С Жанной век свой коротать —
Благодать.

После этого Жильнорман преклонил колени на скамеечке, и Баску, который следил за ним через полуоткрытую дверь, послышалось, будто он молится.

До этих пор он совсем не верил в бога.

При каждом новом признаке выздоровления, все более и более несомненного, старец становился все сумасброднее. Он совершал множество беспричинных поступков, ища выхода для своей бурной радости, бегал вверх и вниз по лестницам, сам не зная, зачем. Одна из соседок, правда, прехорошенькая, как-то утром была совершенно поражена, получив огромный букет цветов, его прислал Жильнорман. Муж устроил ей сцену ревности. Жильнорман даже порывался сажать к себе на колени Николетту. Он называл Мариуса «господином бароном». Он кричал: «Да здравствует республика!»

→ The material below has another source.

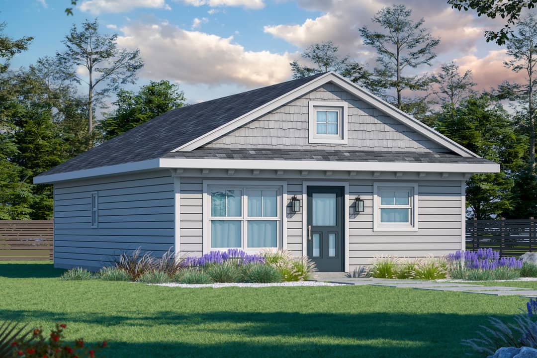 The front façade is open from wall to wall: wide windows or possibly sliding doors (depending on finishing choices) may be used, and trim likely follows cottage / country / traditional styling. Though details like siding materials aren’t elaborated heavily, expect simple clean lines to match the compact character.

Каждую минуту он приставал к доктору с вопросом: «Не правда ли, опасность миновала?» Он смотрел на Мариуса с нежностью бабушки. Он боялся дохнуть, когда Мариуса кормили. Он не помнил себя, не считался с собой. Хозяином дома был Мариус; радость старика была похожа на самоотречение, он стал внуком своего внука.

При всем сумасбродстве, это было самое благонравное дитя на свете. Боясь утомить или наскучить выздоравливающему, он становился позади него и молча ему улыбался. Он был доволен, весел, счастлив, обворожителен, он помолодел. Седые волосы придавали его сияющему лицу кроткое величие. Когда радость озаряет лицо, изборожденное морщинами, она достойна преклонения. В улыбке старости есть отсвет утренней зари.

А Мариус, не противясь перевязкам, рассеянно принимал заботы о себе и был поглощен одной лишь мыслью – о Козетте.

С тех пор как бред и лихорадка прекратились, он больше не произносил ее имени, и могло показаться, будто он перестал о ней думать. На самом же деле он молчал именно потому, что душа его была с нею.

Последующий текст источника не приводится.